TASK BRIEF. Skip pictures in the listing below; copy exactly the lines from the one with "6月25日上午,南充市青年企" through the one with "- Zestaw sześciu", inclusive.

──────── PROVIDED DATA

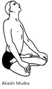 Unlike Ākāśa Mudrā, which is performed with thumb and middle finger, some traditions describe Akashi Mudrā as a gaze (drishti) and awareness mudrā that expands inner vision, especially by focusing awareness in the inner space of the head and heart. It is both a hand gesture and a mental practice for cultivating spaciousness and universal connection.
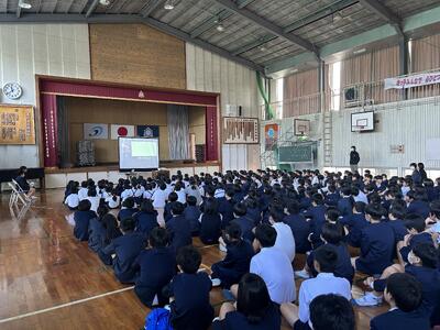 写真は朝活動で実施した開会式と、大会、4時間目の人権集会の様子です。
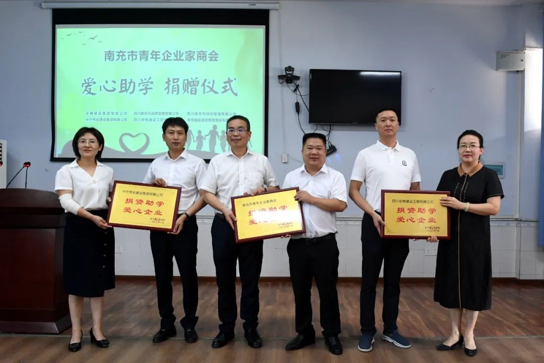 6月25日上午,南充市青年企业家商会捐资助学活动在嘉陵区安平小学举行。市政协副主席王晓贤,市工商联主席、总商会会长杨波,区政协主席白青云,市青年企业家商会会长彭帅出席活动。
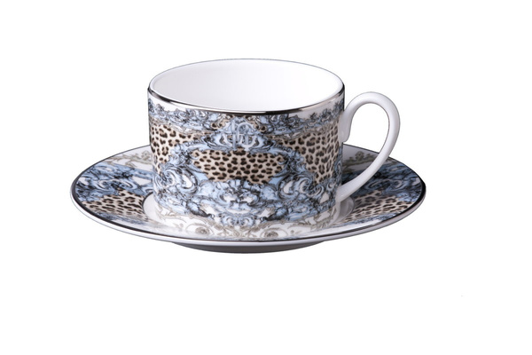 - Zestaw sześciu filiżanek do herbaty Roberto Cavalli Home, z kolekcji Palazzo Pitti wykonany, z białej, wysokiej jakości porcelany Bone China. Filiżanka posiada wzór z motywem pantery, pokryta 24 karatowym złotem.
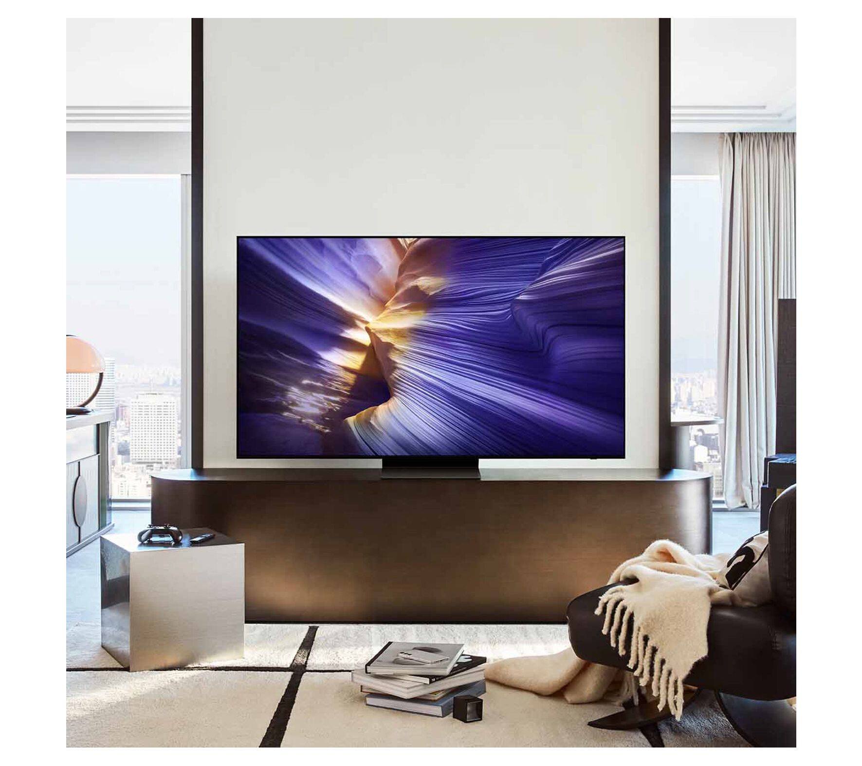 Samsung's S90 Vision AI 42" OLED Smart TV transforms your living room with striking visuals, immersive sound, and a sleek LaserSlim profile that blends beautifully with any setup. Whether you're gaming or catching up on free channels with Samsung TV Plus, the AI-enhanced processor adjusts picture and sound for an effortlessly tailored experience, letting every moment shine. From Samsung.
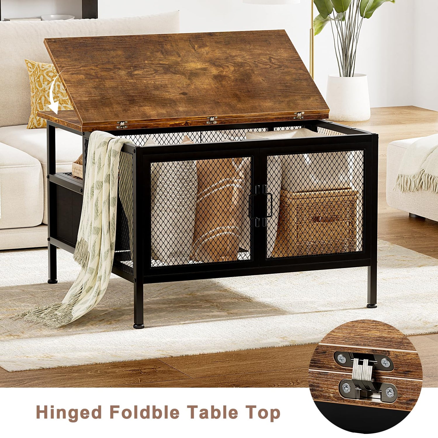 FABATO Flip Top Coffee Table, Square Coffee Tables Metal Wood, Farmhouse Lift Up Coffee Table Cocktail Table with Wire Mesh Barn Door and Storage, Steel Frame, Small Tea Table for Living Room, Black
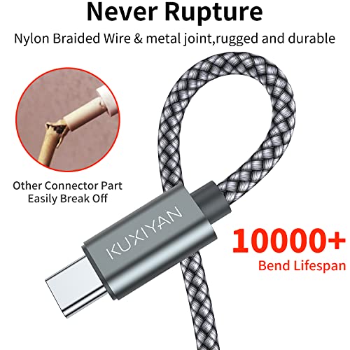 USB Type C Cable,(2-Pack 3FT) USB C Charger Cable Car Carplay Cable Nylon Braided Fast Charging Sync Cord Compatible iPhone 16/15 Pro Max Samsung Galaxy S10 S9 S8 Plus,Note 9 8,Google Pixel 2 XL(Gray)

────────────────
──────── PROVIDED DATA

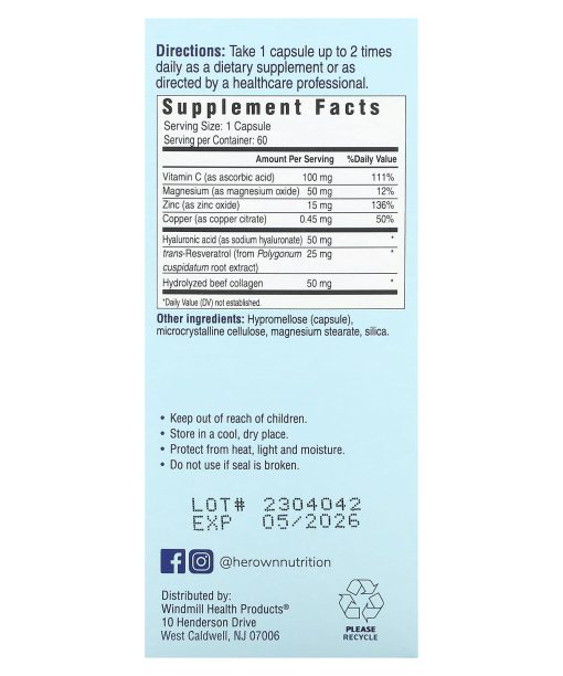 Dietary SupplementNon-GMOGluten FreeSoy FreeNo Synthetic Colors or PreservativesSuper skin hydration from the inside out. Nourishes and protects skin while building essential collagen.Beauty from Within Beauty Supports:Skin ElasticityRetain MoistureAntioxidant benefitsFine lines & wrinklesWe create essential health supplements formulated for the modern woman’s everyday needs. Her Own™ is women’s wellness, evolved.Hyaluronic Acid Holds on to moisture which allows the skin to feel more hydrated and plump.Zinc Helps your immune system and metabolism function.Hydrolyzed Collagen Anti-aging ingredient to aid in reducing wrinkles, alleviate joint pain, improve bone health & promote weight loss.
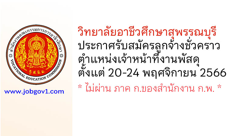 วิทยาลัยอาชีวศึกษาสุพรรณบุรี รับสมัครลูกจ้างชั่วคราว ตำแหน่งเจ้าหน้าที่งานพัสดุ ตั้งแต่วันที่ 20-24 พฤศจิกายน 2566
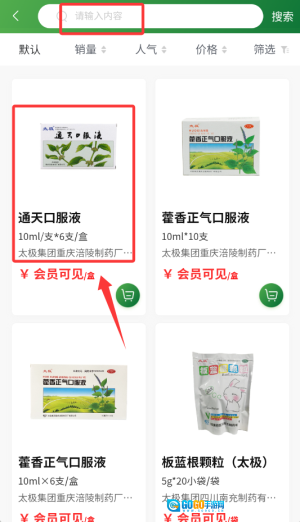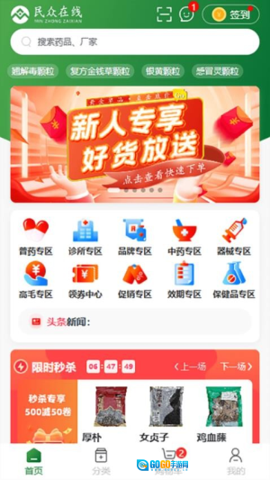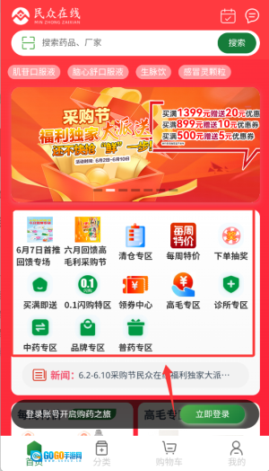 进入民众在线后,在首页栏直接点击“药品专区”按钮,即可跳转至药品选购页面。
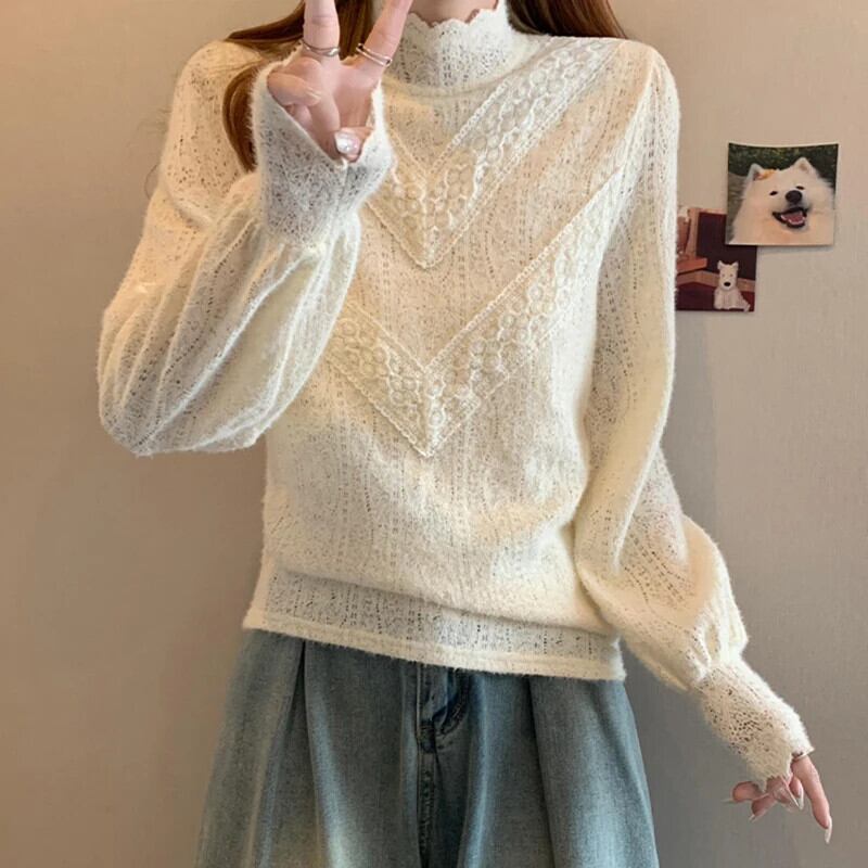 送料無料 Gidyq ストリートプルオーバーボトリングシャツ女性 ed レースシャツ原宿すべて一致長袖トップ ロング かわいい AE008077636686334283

────────────────

FINISHED TASK.
 6月25日上午,南充市青年企业家商会捐资助学活动在嘉陵区安平小学举行。市政协副主席王晓贤,市工商联主席、总商会会长杨波,区政协主席白青云,市青年企业家商会会长彭帅出席活动。
 - Zestaw sześciu filiżanek do herbaty Roberto Cavalli Home, z kolekcji Palazzo Pitti wykonany, z białej, wysokiej jakości porcelany Bone China. Filiżanka posiada wzór z motywem pantery, pokryta 24 karatowym złotem.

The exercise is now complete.